Владимир Сотников - Покров
Я открыл глаза. Лень было пошевелиться. Я вспомнил, как говорил сегодня с отцом насчет засухи. Я говорил: «Еще день-два, и совсем будет плохо. Дождь надо», – а сам мучился, словно обманывал кого-то, и никто не видел моего обмана.
Я спешил сказать еще что-нибудь, как будто и вправду обманывал и надо было побольше говорить, чтобы не выдать себя, – но накатывал приступ смеха, я боялся засмеяться и еле сдерживался. Я не мог понять, что со мной такое, и ничего не мог сделать. Немного испуганный, я поспешил уйти.
Сейчас я понял, почему мне было так. Потому что мне все равно, а я не могу этого за собой увидеть. А когда увидел парусник, вдруг все прояснилось. Конечно, я хочу, чтобы пошел дождь. Но мне и не хочется, чтобы он пошел. Да, вконец измучила засуха.
Ночью пьяные хлопцы ломали лавочку. Я не знаю, слышал или нет. Не помню. Лавочка долго не поддавалась – визжала вывернутыми гвоздями, хрустела досками. Потом долго били ногами толстенькие столбики. Удары гудели в земле. Казалось, все притихло и слушает эту расправу.

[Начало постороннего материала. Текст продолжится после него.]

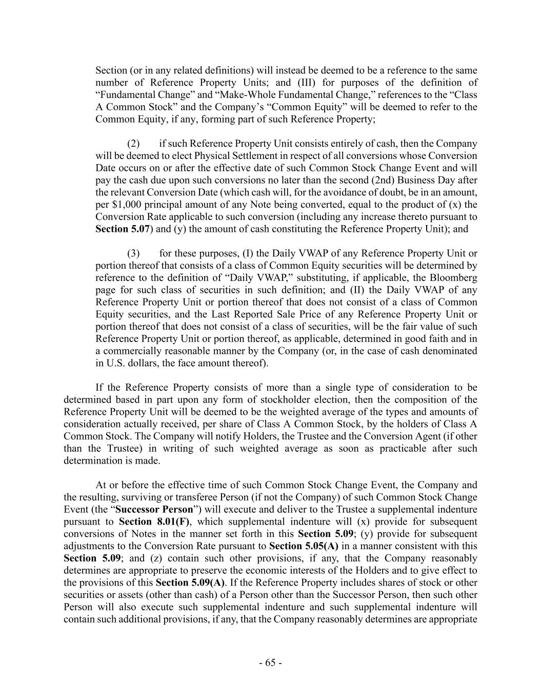 - 65 - Section (or in any related definitions) will instead be deemed to be a reference to the same number of Reference Property Units; and (III) for purposes of the definition of “Fundamental Change” and “Make-Whole Fundamental Change,” references to the “Class A Common Stock” and the Company’s “Common Equity” will be deemed to refer to the Common Equity, if any, forming part of such Reference Property; (2) if such Reference Property Unit consists entirely of cash, then the Company will be deemed to elect Physical Settlement in respect of all conversions whose Conversion Date occurs on or after the effective date of such Common Stock Change Event and will pay the cash due upon such conversions no later than the second (2nd) Business Day after the relevant Conversion Date (which cash will, for the avoidance of doubt, be in an amount, per $1,000 principal amount of any Note being converted, equal to the product of (x) the Conversion Rate applicable to such conversion (including any increase thereto pursuant to Section 5.07) and (y) the amount of cash constituting the Reference Property Unit); and (3) for these purposes, (I) the Daily VWAP of any Reference Property Unit or portion thereof that consists of a class of Common Equity securities will be determined by reference to the definition of “Daily VWAP,” substituting, if applicable, the Bloomberg page for such class of securities in such definition; and (II) the Daily VWAP of any Reference Property Unit or portion thereof that does not consist of a class of Common Equity securities, and the Last Reported Sale Price of any Reference Property Unit or portion thereof that does not consist of a class of securities, will be the fair value of such Reference Property Unit or portion thereof, as applicable, determined in good faith and in a commercially reasonable manner by the Company (or, in the case of cash denominated in U.S. dollars, the face amount thereof). If the Reference Property consists of more than a single type of consideration to be determined based in part upon any form of stockholder election, then the composition of the Reference Property Unit will be deemed to be the weighted average of the types and amounts of consideration actually received, per share of Class A Common Stock, by the holders of Class A Common Stock. The Company will notify Holders, the Trustee and the Conversion Agent (if other than the Trustee) in writing of such weighted average as soon as practicable after such determination is made. At or before the effective time of such Common Stock Change Event, the Company and the resulting, surviving or transferee Person (if not the Company) of such Common Stock Change Event (the “Successor Person”) will execute and deliver to the Trustee a supplemental indenture pursuant to Section 8.01(F), which supplemental indenture will (x) provide for subsequent conversions of Notes in the manner set forth in this Section 5.09; (y) provide for subsequent adjustments to the Conversion Rate pursuant to Section 5.05(A) in a manner consistent with this Section 5.09; and (z) contain such other provisions, if any, that the Company reasonably determines are appropriate to preserve the economic interests of the Holders and to give effect to the provisions of this Section 5.09(A). If the Reference Property includes shares of stock or other securities or assets (other than cash) of a Person other than the Successor Person, then such other Person will also execute such supplemental indenture and such supplemental indenture will contain such additional provisions, if any, that the Company reasonably determines are appropriate

Утром я проснулся раньше, чем открыл глаза.
Слышался шум дождя. Он ровно шелестел, не накатывая и не прерываясь. Постепенно в голове все яснело, как будто из раздвоенного изображения получалось одно – резкое.
Я прислушался – в сенях мать жарила картошку.
Дождя не было.
3
ТУМАН
Днем луг был пуст, а по вечерам наплывал туман. Солнце опускалось в мутное над горизонтом небо, и воздух остывал.
Дома все были заняты своими делами. Отец ходил по двору, что-то поднимал, перекладывал; подходя к забору, выглядывал вдоль улицы. Потом с плотным звуком закрывал ворота. Он не хотел так сразу уходить в дом и долго еще медленно ступал, оглядываясь вокруг себя, словно что уронил.
Мать доила корову, и в сумерках тягуче и старательно переговаривались струи молока. Иногда в саду, прошумев в листьях, падало яблоко, и казалось, там кто-то есть.
Я сидел в летней кухне. Свет зажигать не хотелось, чтобы не нарушать сладкого вечернего оцепенения. Глухо стукнула о дверь сарая полное ведро – мать кончила доить. Тяжело подтягивая затекшие ноги, взошла на крыльцо.
Сейчас меня позовут в дом – пить молоко. И чтобы не отзываться на крик, я тихонько вышел на улицу. Что-то ударило по проводам, они загудели, и долгий звук затих в стенах дома. Я никогда не знал, что это такое, и в детстве думал – это птица на лету бьется о натянутые между столбами провода. А может, еще что-нибудь – никогда я не думал об этом долго.
Я ждал, когда меня позовут.
– Ваня! – послышалось, потом еще раз. Отзываться громко не хотелось, и я быстрее вошел на луг.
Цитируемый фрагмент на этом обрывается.